Throughout his career, Richard Smith has exhibited solo painting shows at prestigious institutions such as the Tate, Whitechapel Gallery and ICA, London. Flowers will celebrate the artist’s lesser known works on paper in a retrospective exhibition covering forty years of his practice.

Since the early 1960’s Richard Smith has held a unique position between two art historical genres. While his painting style derives from abstract expressionism, his inspiration has come in part from urban billboards, advertisements and commercial packaging - subjects more commonly associated with pop art. Rather than agreeing to define his practice within a single genre, Smith uses colour and form to express the more radiant aspects of contemporary life, combining open and shut, grid-like and nebulous oppositions.

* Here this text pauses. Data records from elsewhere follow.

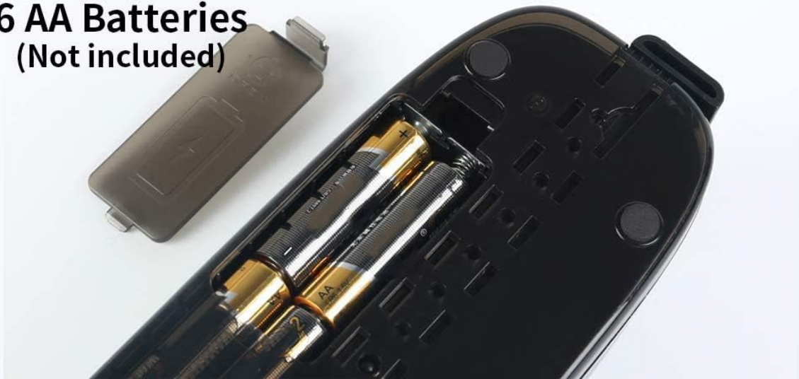
Image: The underside of the punch showing the battery compartment and the AC adapter port.
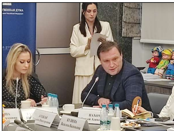
Fig. 4. Round table “Safe childhood: traditional toy as a foundation for harmonious personality development”

training professionals with advanced degrees in unique art forms characteristic of the Nizhny Novgorod lands.
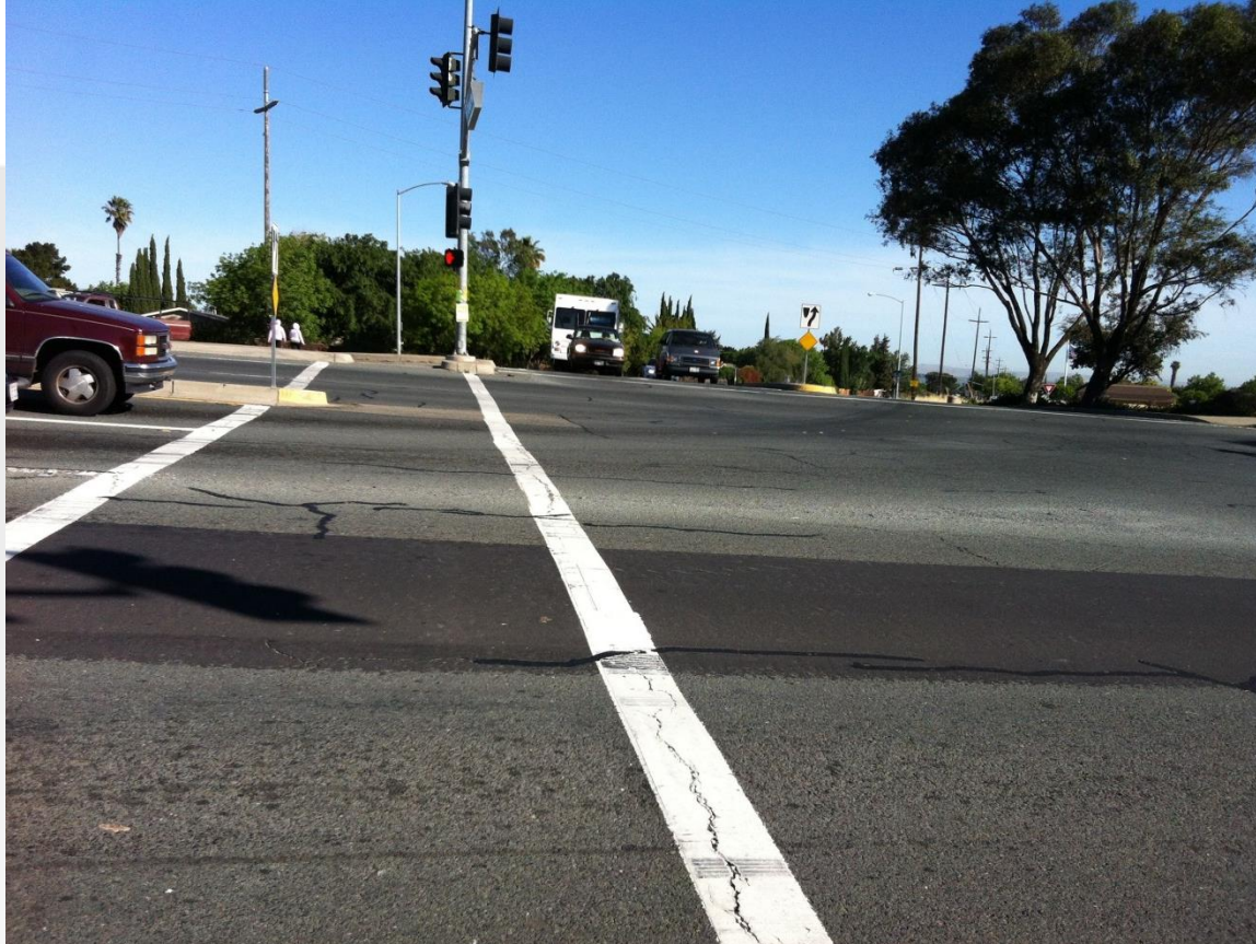
Intersection of Willow Pass Road and Port Chicago Hwy. (3 blocks from Enes & Water St.)
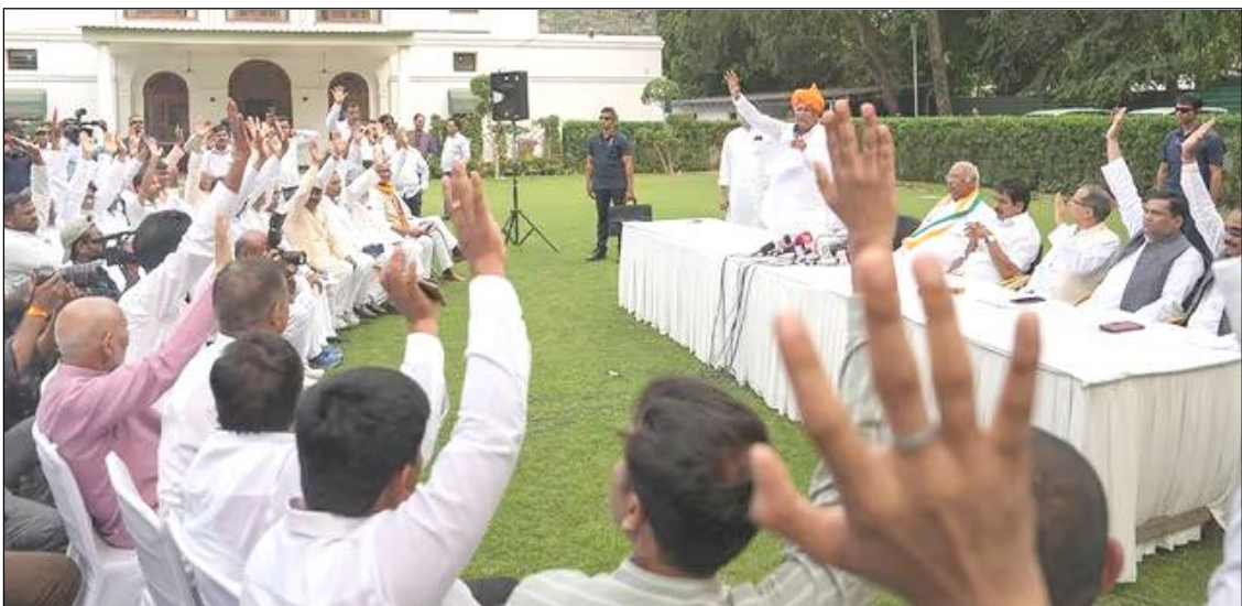
New Delhi, April 13, 2024: Lok Sabha election nung Other Backward Classes (OBC) organisation aikati Indian National Developmental Inclusive Alliance (INDIA) teloktep pusemstsü ta sangdongba sülen Congress Tir, Mallikarjun Kharge aser party lenir K.C. Venugopal nati osangbenertem den jembidang tangokba noksa nung angur.

"Kachchatheevu ya shibangadoker aliba ken o ka lir. Küm 50 tejaklen iba atema tezüngzüktep agia liasü. 2014 küm nungi Modi sorkar lir, süra kechiba tesüiba küm 10 tsüngda pai iba ken o mesüok? Tang China sepaitemi India nung litsü atsünga agiba agi parnoki tang iba ken o süoker," ta paisa shisem.
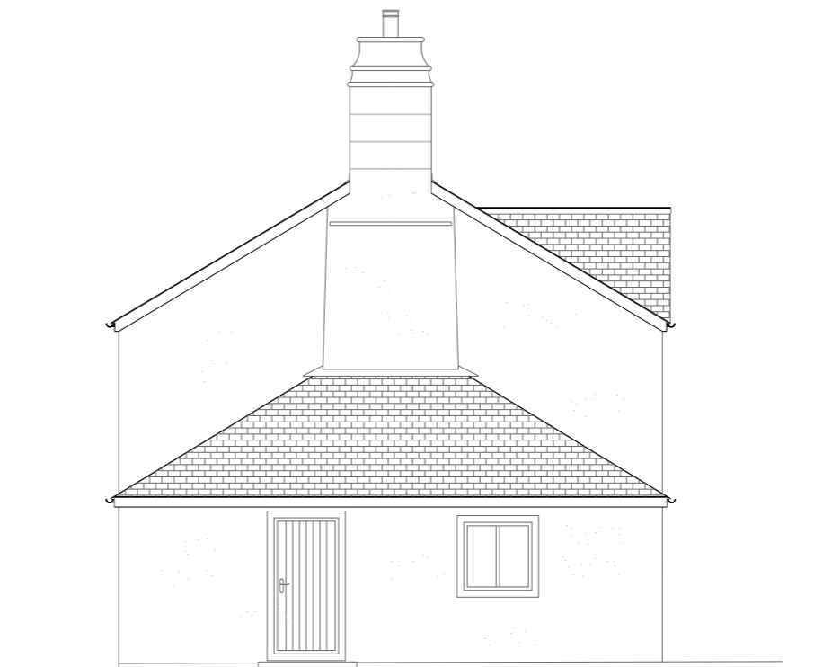
Side (N) ELEVATIONS

Colour remains central to Richard Smith’s practice, and this exhibition reveals his instinctive mastery of the subject over a forty year period. The artist’s ‘cosmetic colours’ of the 1960’s, inspired by the persuasive nature of advertising, eventually give way to more positive colour groupings, always combined in an intuitive manner which condenses the artist’s sources while simultaneously offering a new pictorial invention.

Together, this body of work exudes a rhythmic musicality in which the artist’s colour harmonies can be likened to radio waves pulsating energy. This is perhaps most evident in the untitled compositions on paper of 1997, which incorporate winding brush strokes over more rigid horizontal lines, reminiscent of the staves of sheet music. The human quality and perhaps slightly more care-free application of media in the artist’s work on paper convey a state of flux, both in terms of the visual forms which seem to move before the viewer’s eyes and in the diverse emotional reactions they inspire.

In the 1960’s, Smith gained critical acclaim for extending the boundaries of traditional painting into a third dimension, creating sculptural shaped canvases with monumental presence. Several of the works on display in this exhibition are preparatory studies for such large-scale installations, revealing an intriguing new side to the artist’s working practice. Guernsey Study VII, VIII and IX, 2009 were produced for ‘the gallery’ at Grange House as part of the International Artist in Residence Programme, Guernsey. Even within these preliminary drawings, Smith begins to introduce mixed media collage, hinting at the theatrical 3-dimensionality of the final pieces to come.

Similarly, the influence of Smith’s famous ‘Kite paintings’ of the 1970’s and 80’s, produced using aluminium rods and string to suspend canvases in an impermanent and mobile fashion, can be recognized in his watercolour and mixed media works on paper of 1996. These bold compositions capture abstract forms floating across horizontal bands of colour, playing with the relationship between colour and shape, drawing and structure.

Marco Livingstone describes Richard Smith’s work on paper as being ‘in a state of perpetual blossoming and self-renewal’. It is therefore fitting that this collection will go on display at the height of Spring at Flowers Cork Street space, offering a never before seen overview of the artist’s stimulating use of the paper surface.

Born in Hertfordshire in 1931, Richard Smith studied at the Royal College of Art, London from 1954-57. In 1959 Smith was awarded the prestigious Harkness Fellowship which facilitated his move to New York, where he has remained ever since.

Smith’s work sits in the public collections of the Arts Council of Great Britain, The British Museum, London, Government Art Collection, London, Metropolitan Museum of Art, New York, The Museum of Modern Art, New York, TATE Gallery, London, Victoria and Albert Museum, London, Walker Art Gallery, Liverpool among others.